3700d96 verified 3 days ago

14.2 kB

	---
	language:
	- fi
	license: mit
	tags:
	- automatic-speech-recognition
	- asr
	- speech-recognition
	- canary-v2
	- kenlm
	- finnish
	datasets:
	- mozilla-foundation/common_voice_17_0
	- google/fleurs
	- facebook/voxpopuli
	base_model: nvidia/canary-1b-v2
	pipeline_tag: automatic-speech-recognition
	library_name: nemo
	model-index:
	- name: Finnish ASR Canary-v2 Round 2
	results:
	- task:
	type: automatic-speech-recognition
	name: Automatic Speech Recognition
	dataset:
	name: Mozilla Common Voice v24.0
	type: mozilla-foundation/common_voice_17_0
	config: fi
	split: test
	metrics:
	- name: Word Error Rate (WER)
	type: wer
	value: 4.58
	- task:
	type: automatic-speech-recognition
	name: Automatic Speech Recognition
	dataset:
	name: FLEURS Finnish
	type: google/fleurs
	config: fi_fi
	split: test
	metrics:
	- name: Word Error Rate (WER)
	type: wer
	value: 7.75
	- task:
	type: automatic-speech-recognition
	name: Automatic Speech Recognition
	dataset:
	name: CSS10 Finnish
	type: asr-benchmark
	split: test
	metrics:
	- name: Word Error Rate (WER)
	type: wer
	value: 7.03
	- task:
	type: automatic-speech-recognition
	name: Automatic Speech Recognition
	dataset:
	name: VoxPopuli Finnish
	type: facebook/voxpopuli
	config: fi
	split: test
	metrics:
	- name: Word Error Rate (WER)
	type: wer
	value: 11.65
	---

	# 🇫🇮 Finnish ASR Canary-v2: State-of-the-Art Finnish Speech Recognition

	A high-performance fine-tuned version of NVIDIA's Canary-v2 (1B parameter) model, specifically optimized for the Finnish language.
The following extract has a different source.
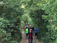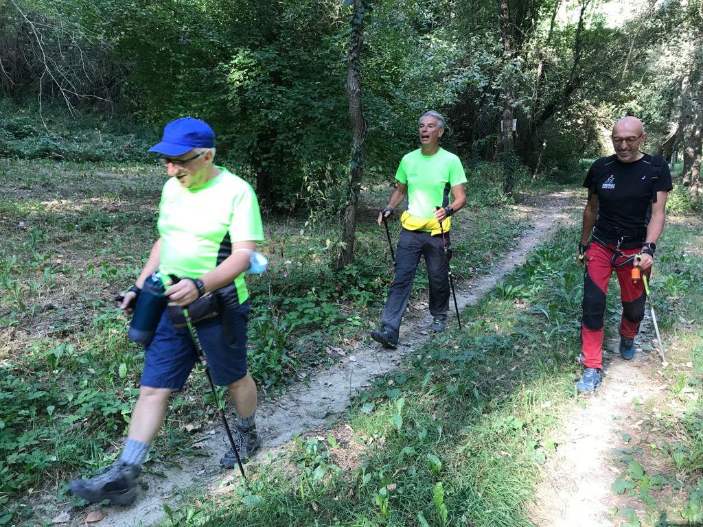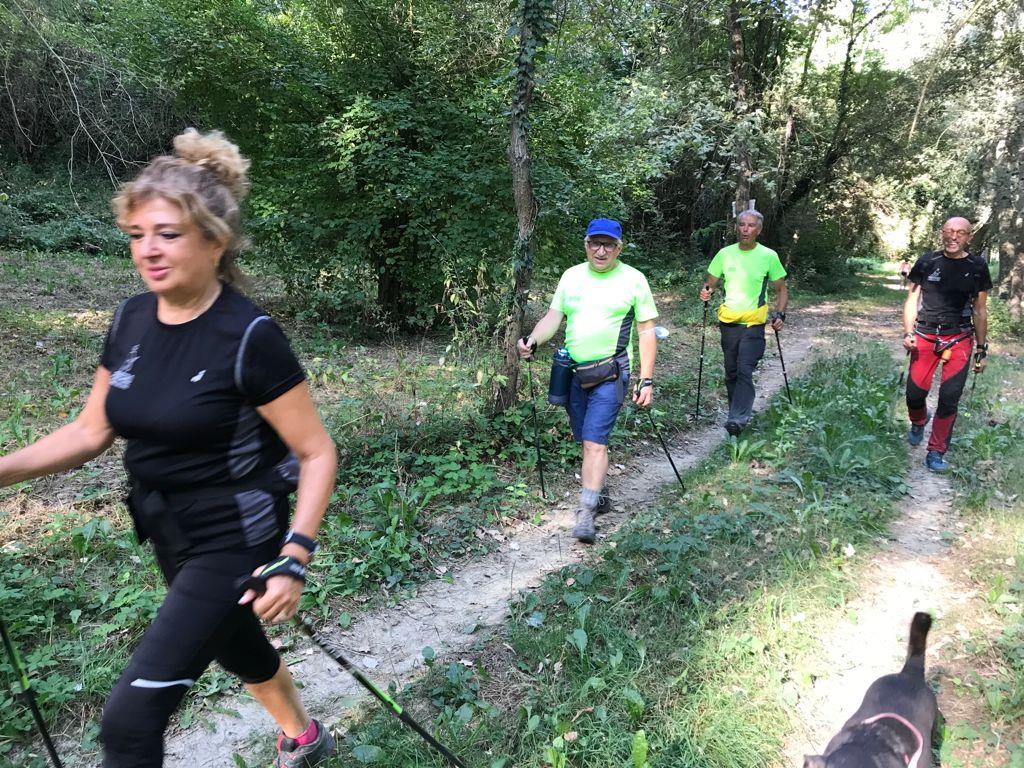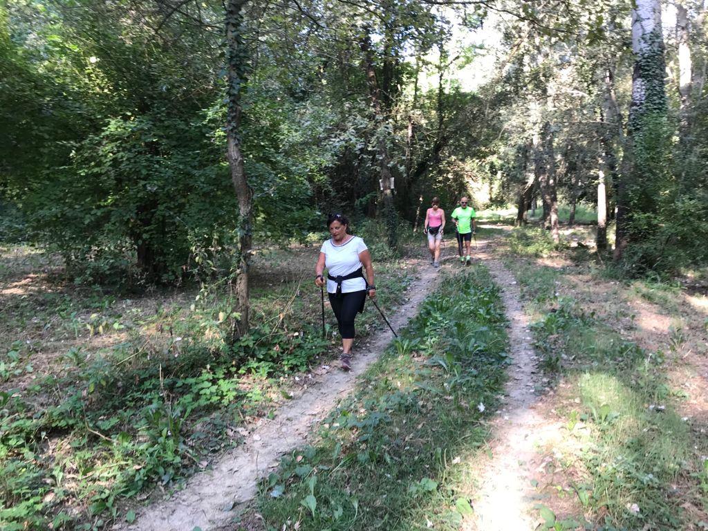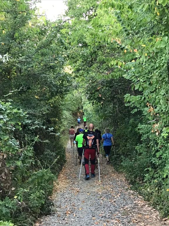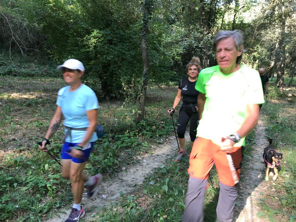 Cammina di allenamento in tecnica Nordic Walking attraverso regione Sernella
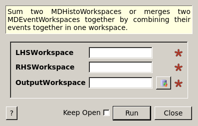 This algorithm sums two MDHistoWorkspaces or merges two MDEventWorkspaces together.

This project provides a robust Finnish ASR solution through two rounds of finetuning, combined with a 6-gram KenLM language model for Shallow Fusion.

	> Round 2 (March 2026) — Improved training corpus (28,857 samples), TTS-augmented long-form data, and transcript normalization. Best overall result on Common Voice and CSS10. See [Round 2 Analysis](#round-2-analysis) below.

	---

	## 🚀 Performance Benchmarks (WER %)

	All numbers use jiwer normalization (lowercase, punctuation stripped). Lower is better.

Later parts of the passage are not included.